Аббат недовольно хмыкает, но молчит. Что тут можно сказать нового? Все нужное давно разъяснили святые отцы.
— Люблю ученые беседы, — некстати встревает Доминик, — но при чем тут стихи?
— Знаете, — отвечает Марк как бы немного не в тему, — что действительно потрясает у отца Франциска — так это «песенки»…
— Песенки?
— Он так их называет. Да вы послушайте…
Марк останавливается, легким кашлем прочищает горло от сырости зимних туманов, отставляет руку в риторическом жесте и начинает:
— Que’ ch’infinita providenzia ed arte…
Но Доминик не дает ему дочитать:
— Как? Отчего такое варварское наречие в устах столь ученого клирика? Неужто нельзя сказать было на латыни? Qualis infinita providentia et ars — почти то же самое, а насколько благороднее звучит!
— Скажу вам, друзья, что с тех самых пор, как на флорентийском прозвучали бессмертные строки Данте, этот язык приятен музам… угоден Господу не меньше латинского. Но послушайте лучше дальше.
— Ах, как хорошо это сказано! — перебивает его аббат. — Смирение во главу угла. Да, приходится признать, что даже это флорентийское, как ты сказал, наречие способно возвещать божественную красоту. К тому же оно довольно похоже на наше, далматинское. Смирение — во главу. Именно так!
— Да ты не дослушал, отец.
— И о какой из святых эти строки? —удивляется Доминик, — как-то непонятно, ни одного признака. Как можно угадать?
— Ну, — задумывается аббат, — если упомянуто Рождество Спасителя, вероятно, речь идет о Пречистой Деве? Но почему все-таки не латынь, как принято в духовных кантах?
— Потому что эти строки — о земной девушке. Ее имя — Лаура, она ничем не примечательна среди прочих девушек Земли, кроме одного, но очень важного обстоятельства: в нее верно, бережно и нежно влюблен с того самого момента, как он ее увидел, величайший поэт нашего времени. Отец Франциск.

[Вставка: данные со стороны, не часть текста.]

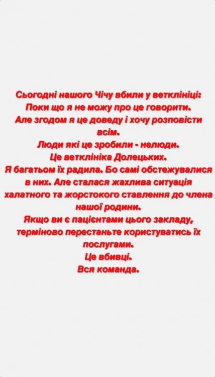 “Сьогодні нашого Чічу вбили у ветклініці. Поки що я не можу про це говорити. Але згодом я це доведу і хочу розповісти всім. Люди які це зробили – нелюди. Я багатьом їх радила. Бо самі обстежувалися в них. Але сталася жахлива ситуація халатного й жорстокого ставлення до члена нашої родини. Якщо ви є пацієнтами цього закладу, терміново припиніть користуватись їхніми послугами. Це вбивці. Вся команда”, – відверто розповіла Даша Астаф’єва.

Немая сцена длится долго, даже слишком долго, но ведь бенедиктинцы привыкли к молчанию. Аббат Алоизий не спешит высказать своего возмущения и гнева, он читает про себя розарий[69]. Доминик удивлен не меньше, но он безмерно уважает брата Марка, повидавшего и Его Святейшество, и величайшего, по его словам, поэта, и боится показаться невежественным и неучтивым простолюдином. Если при дворе Его Святейшества принято теперь писать стихи прекрасным дамам, стоит ли рагузанскому капитану на это возражать?
Тем временем там, поодаль, на безопасном расстоянии, тихо беседуют двое рыбаков. Впрочем, и тут нет спокойствия и в помине.

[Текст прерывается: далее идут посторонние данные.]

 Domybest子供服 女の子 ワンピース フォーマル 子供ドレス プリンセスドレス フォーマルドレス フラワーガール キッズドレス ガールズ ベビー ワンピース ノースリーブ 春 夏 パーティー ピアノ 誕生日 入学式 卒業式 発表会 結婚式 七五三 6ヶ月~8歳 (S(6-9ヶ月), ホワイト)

— Видел? Тюлень с Каракатицей как лихо вышагивают. А с ними еще Чужак этот, откуда только взялся… Петух, как еще назвать.
— Петух и есть. Рагузанский, откуда же еще. Крепко Рагуза за чернобрюхих нынче взялась.
Тюленем они называют отца аббата. Очень уж любит он рыбкой полакомиться — как тюлень в заливе, всю выгребет из их сетей, подчистую. А Каракатица — это, конечно, брат Марк, ведь он всегда носит при себе чернильницу. И пишет, пишет, пишет — а что пишет, того не показывает никому.
— Лова, похоже, не ждать сегодня хорошего. А эти-то, эти…
— Пойти, что ли, посмотреть, чо там они, как?
— Пошли. Незаметно, кустами схоронясь.
— Ну.
Рыбакам только и ждать от этой беседы новой беды — или поборов новых, невиданных, или, неровен час, расследователь нагрянет насчет ересей. Не зря же он богумилами пугал. А что, богумилы люди хорошие, тихие, все говорят. Богу по-своему молятся, без попов, здорово придумано. Против церкви, конечно, не попрешь, но больно уж те попы прожорливы, не прокормишь их… С богумилами проще. Только крепко за них нынче взялись, за богумилов. И не сыщешь, кто они, где они, какие там у них посты да праздники и как по-ихнему молиться надо. Мы уж так, как привыкли, ладно.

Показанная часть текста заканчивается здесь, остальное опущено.